External Name Server Timeouts

Sun Mar 5 19:25:26 UTC 2006

On 03 Mar 2006, at 17:29 PST, Barry Margolin wrote:

> In article <du9v4v$2irf$1 at sf1.isc.org>,
>  Merton Campbell Crockett <m.c.crockett at adelphia.net> wrote:
>
>> I have an external master name server running BIND 9.3.1 on a SuSE
>> Linux 9.3 system.  Periodically, the name server stops responding to
>> DNS queries from the Internet.  In some instances when this occurs,
>> all external name servers will become unresponsive.
>>
>> During these incidents, the external name server appears to remain
>> responsive to DNS requests forwarded from internal name servers.
>> However, it is not clear if the responses to the internal DNS
>> requests are from the external name servers cache or not.  A quick
>> check using tcpdump seems to indicate that the name server is sending
>> DNS requests to the Internet but may not be receiving any responses.
>>
>> A "weird" element of these incidents is that they don't appear to
>> impact the ability of internal users to access the Internet, i.e.
>> there are no problem tickets being opened by users claiming to be
>> unable to access external systems.  The problem tickets that are
>> opened are from users on the road, at home, or at customer sites that
>> are unable to establish VPN connections.
>
> This suggests to me that something is blocking incoming packets with
> destination port 53, but allowing incoming packets to the high port
> that's used when BIND sends out recursive queries.
>
> If you run tcpdump during this, do you see any of the normal queries
> reaching the server?

One problem is that I don't have ready access to the system console  
and must access the system using SSH.  The additional SSH traffic  
results in tcpdump dropping more packets than it might otherwise.
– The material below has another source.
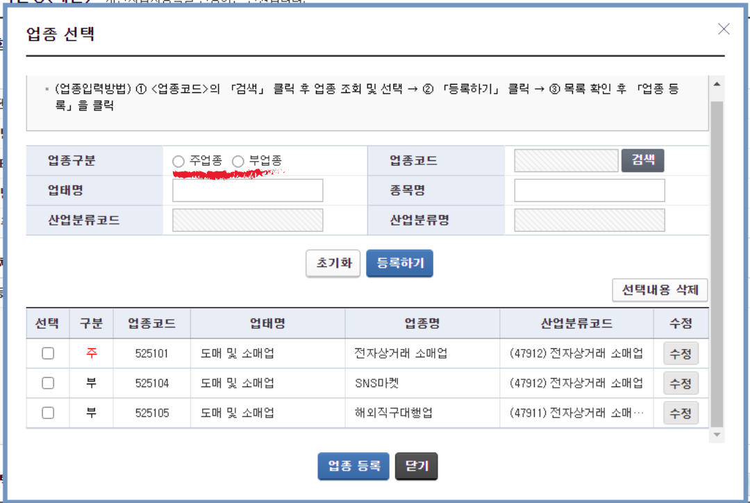 주업종, 부업종을 골라가며 1개씩 등록하면 된다.

Essentially, all that I see with tcpdump is the UDP packets from the  
system attempting to update the zone file.  I do know that other DNS  
traffic is getting through to the name server as I can log into  
remote external systems that are configured with tcpwrapper's  
PARANOID feature enabled.

Using "tcpdump -n udp and port 53 and net not <internal>", I do see  
some queries from other systems but "99.95 percent" of them appear to  
come from the system attempting to perform the update.  All packets  
appear to have the same source port number.
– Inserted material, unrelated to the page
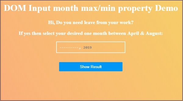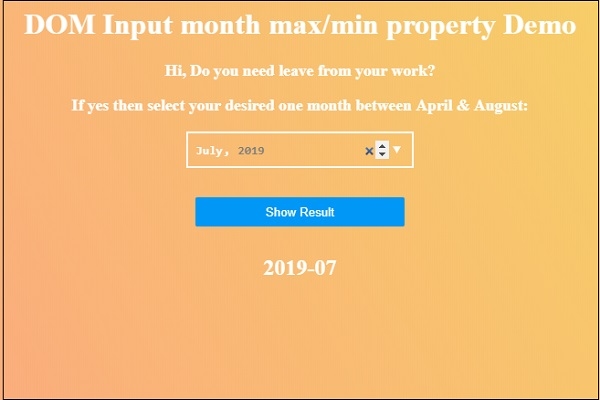 使用月份輸入欄位選擇任何月份(4 月至 8 月之間),然後點選“ 顯示結果顯示結果”按鈕,顯示所選月 −

>> During the last incident, I noticed that the external name server was
>> being inundated with DNS requests to update the external zone file
>> from an IP address, 196.25.255.194, assigned to an Internet Service
>> Provider in Zaire.  Dynamic updates are not permitted but the name
>> server appears to be going through all the steps needed to perform a
>> dynamic update before rejecting the request.  Log entries indicate
>> that the check for no existing RRset entries succeeded before
>> reporting that the update request was denied.
>
> I suspect this is because it has to determine which zone is being
> updated, so that it can check that zone's "allow-update" setting.  It
> would probably be nice if the code special-cased the situation  
> where NO
> zones allow updating, and skipped all these unnecessary checks.
>
>>
>> I am attempting to eliminate BIND 9 as the cause of the DNS
>> timeouts.  My suspicion is that the DNS timeouts are being caused by
>> the SideWinder G2 firewall that was installed in November.
>
> Maybe some kind of IDS/IPS function of the firewall, throttling  
> incoming
> DNS queries when they get too frequent?
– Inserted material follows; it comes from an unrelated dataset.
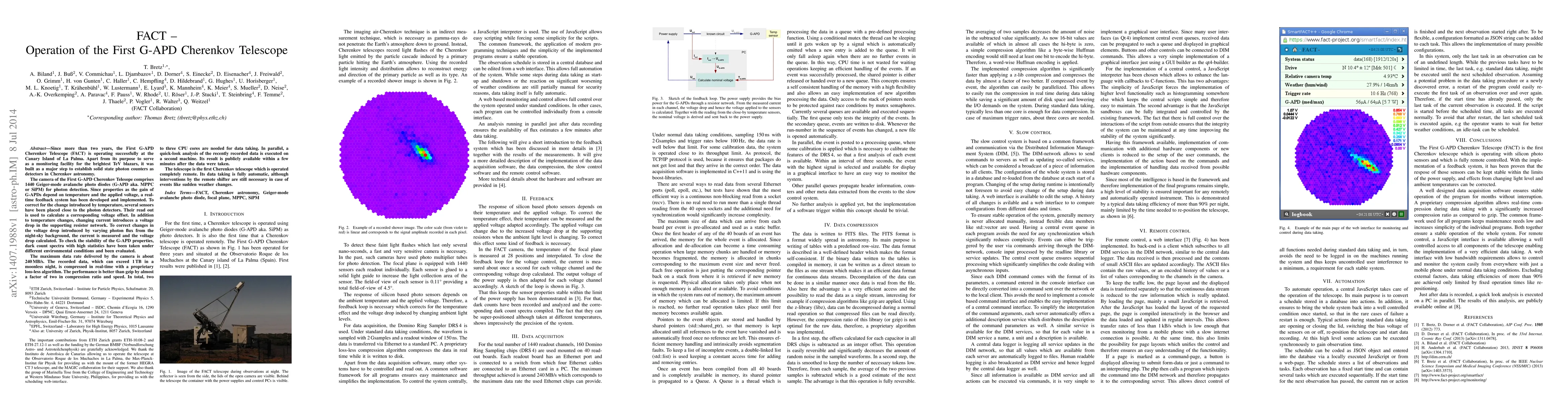 The First G-APD Cherenkov Telescope (FACT) on La Palma monitors bright TeV blazars, utilizing 1440 Geiger-mode avalanche photodiodes for photon detection. A real-time feedback system corrects for temperature and voltage variations, ensuring stable G-APD performance.

A curious fact that lends credence to this involves how the incident  
can be cleared.

The version of rndc included in the SuSE distribution claims that the  
"restart" option is not implemented.  As a result, I use SuSE's YaST  
module to stop and start BIND.  This appears to be significantly  
slower than the "ndc restart" that I use on my older BSD/OS systems  
running BIND 8.

After stopping and starting named, tcpdump no longer reports any UDP  
traffic coming from the remote system.  It almost appears that the  
firewall might be "wedged" sending a small group of packets over and  
over again and that the only way to stop this behaviour is to stop  
listening on port 53 long enough for a timeout event to occur.

Merton Campbell Crockett
m.c.crockett at adelphia.net